== DATA BLOCK ==

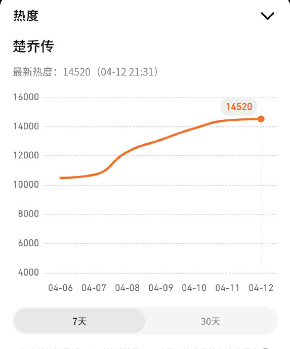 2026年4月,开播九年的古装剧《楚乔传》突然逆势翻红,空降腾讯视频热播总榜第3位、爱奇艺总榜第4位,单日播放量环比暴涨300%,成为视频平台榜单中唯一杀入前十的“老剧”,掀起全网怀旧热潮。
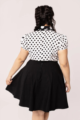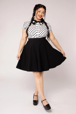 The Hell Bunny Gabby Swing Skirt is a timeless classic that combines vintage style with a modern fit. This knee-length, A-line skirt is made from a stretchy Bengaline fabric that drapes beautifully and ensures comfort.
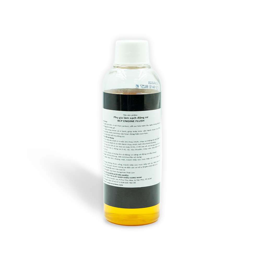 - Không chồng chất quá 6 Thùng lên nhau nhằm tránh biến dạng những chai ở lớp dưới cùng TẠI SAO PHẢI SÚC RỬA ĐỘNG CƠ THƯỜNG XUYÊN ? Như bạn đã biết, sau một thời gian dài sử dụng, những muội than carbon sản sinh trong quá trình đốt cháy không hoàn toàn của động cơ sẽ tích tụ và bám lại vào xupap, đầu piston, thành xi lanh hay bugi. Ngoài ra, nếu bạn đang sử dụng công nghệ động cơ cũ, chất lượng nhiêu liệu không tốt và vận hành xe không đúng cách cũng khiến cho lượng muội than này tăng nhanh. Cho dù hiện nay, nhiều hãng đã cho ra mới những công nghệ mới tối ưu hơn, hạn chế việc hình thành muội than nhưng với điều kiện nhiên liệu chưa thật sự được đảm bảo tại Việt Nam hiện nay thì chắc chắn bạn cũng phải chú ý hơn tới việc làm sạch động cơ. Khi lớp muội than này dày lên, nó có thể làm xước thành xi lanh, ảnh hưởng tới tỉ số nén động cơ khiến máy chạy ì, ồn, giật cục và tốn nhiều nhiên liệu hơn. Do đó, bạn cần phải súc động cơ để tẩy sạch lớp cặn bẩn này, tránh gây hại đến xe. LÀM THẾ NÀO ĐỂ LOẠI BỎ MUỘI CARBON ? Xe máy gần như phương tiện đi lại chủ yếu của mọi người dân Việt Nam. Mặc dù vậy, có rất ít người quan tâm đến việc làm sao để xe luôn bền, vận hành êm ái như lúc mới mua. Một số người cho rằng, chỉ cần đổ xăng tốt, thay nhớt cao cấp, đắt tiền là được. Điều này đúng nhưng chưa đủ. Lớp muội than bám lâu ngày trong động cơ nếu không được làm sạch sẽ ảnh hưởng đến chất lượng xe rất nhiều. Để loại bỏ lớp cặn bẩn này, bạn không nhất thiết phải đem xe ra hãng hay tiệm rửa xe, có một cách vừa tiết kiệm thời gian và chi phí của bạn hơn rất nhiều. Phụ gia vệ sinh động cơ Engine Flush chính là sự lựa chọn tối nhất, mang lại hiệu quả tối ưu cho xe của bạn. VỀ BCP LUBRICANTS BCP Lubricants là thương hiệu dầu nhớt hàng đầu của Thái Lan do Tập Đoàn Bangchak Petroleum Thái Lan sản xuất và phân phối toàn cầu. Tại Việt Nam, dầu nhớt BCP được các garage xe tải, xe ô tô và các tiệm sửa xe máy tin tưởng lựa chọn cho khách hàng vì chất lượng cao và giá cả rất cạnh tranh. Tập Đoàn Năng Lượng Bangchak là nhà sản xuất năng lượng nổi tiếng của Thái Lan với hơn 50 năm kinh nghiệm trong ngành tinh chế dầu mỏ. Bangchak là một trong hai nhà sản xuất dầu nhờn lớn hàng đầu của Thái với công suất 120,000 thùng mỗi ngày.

===

** WHAT TO DO **
Write out the whole listing above exactly, minus images.

** EXERCISE SOLUTION **
 2026年4月,开播九年的古装剧《楚乔传》突然逆势翻红,空降腾讯视频热播总榜第3位、爱奇艺总榜第4位,单日播放量环比暴涨300%,成为视频平台榜单中唯一杀入前十的“老剧”,掀起全网怀旧热潮。
 The Hell Bunny Gabby Swing Skirt is a timeless classic that combines vintage style with a modern fit. This knee-length, A-line skirt is made from a stretchy Bengaline fabric that drapes beautifully and ensures comfort.
 - Không chồng chất quá 6 Thùng lên nhau nhằm tránh biến dạng những chai ở lớp dưới cùng TẠI SAO PHẢI SÚC RỬA ĐỘNG CƠ THƯỜNG XUYÊN ? Như bạn đã biết, sau một thời gian dài sử dụng, những muội than carbon sản sinh trong quá trình đốt cháy không hoàn toàn của động cơ sẽ tích tụ và bám lại vào xupap, đầu piston, thành xi lanh hay bugi. Ngoài ra, nếu bạn đang sử dụng công nghệ động cơ cũ, chất lượng nhiêu liệu không tốt và vận hành xe không đúng cách cũng khiến cho lượng muội than này tăng nhanh. Cho dù hiện nay, nhiều hãng đã cho ra mới những công nghệ mới tối ưu hơn, hạn chế việc hình thành muội than nhưng với điều kiện nhiên liệu chưa thật sự được đảm bảo tại Việt Nam hiện nay thì chắc chắn bạn cũng phải chú ý hơn tới việc làm sạch động cơ. Khi lớp muội than này dày lên, nó có thể làm xước thành xi lanh, ảnh hưởng tới tỉ số nén động cơ khiến máy chạy ì, ồn, giật cục và tốn nhiều nhiên liệu hơn. Do đó, bạn cần phải súc động cơ để tẩy sạch lớp cặn bẩn này, tránh gây hại đến xe. LÀM THẾ NÀO ĐỂ LOẠI BỎ MUỘI CARBON ? Xe máy gần như phương tiện đi lại chủ yếu của mọi người dân Việt Nam. Mặc dù vậy, có rất ít người quan tâm đến việc làm sao để xe luôn bền, vận hành êm ái như lúc mới mua. Một số người cho rằng, chỉ cần đổ xăng tốt, thay nhớt cao cấp, đắt tiền là được. Điều này đúng nhưng chưa đủ. Lớp muội than bám lâu ngày trong động cơ nếu không được làm sạch sẽ ảnh hưởng đến chất lượng xe rất nhiều. Để loại bỏ lớp cặn bẩn này, bạn không nhất thiết phải đem xe ra hãng hay tiệm rửa xe, có một cách vừa tiết kiệm thời gian và chi phí của bạn hơn rất nhiều. Phụ gia vệ sinh động cơ Engine Flush chính là sự lựa chọn tối nhất, mang lại hiệu quả tối ưu cho xe của bạn. VỀ BCP LUBRICANTS BCP Lubricants là thương hiệu dầu nhớt hàng đầu của Thái Lan do Tập Đoàn Bangchak Petroleum Thái Lan sản xuất và phân phối toàn cầu. Tại Việt Nam, dầu nhớt BCP được các garage xe tải, xe ô tô và các tiệm sửa xe máy tin tưởng lựa chọn cho khách hàng vì chất lượng cao và giá cả rất cạnh tranh. Tập Đoàn Năng Lượng Bangchak là nhà sản xuất năng lượng nổi tiếng của Thái Lan với hơn 50 năm kinh nghiệm trong ngành tinh chế dầu mỏ. Bangchak là một trong hai nhà sản xuất dầu nhờn lớn hàng đầu của Thái với công suất 120,000 thùng mỗi ngày.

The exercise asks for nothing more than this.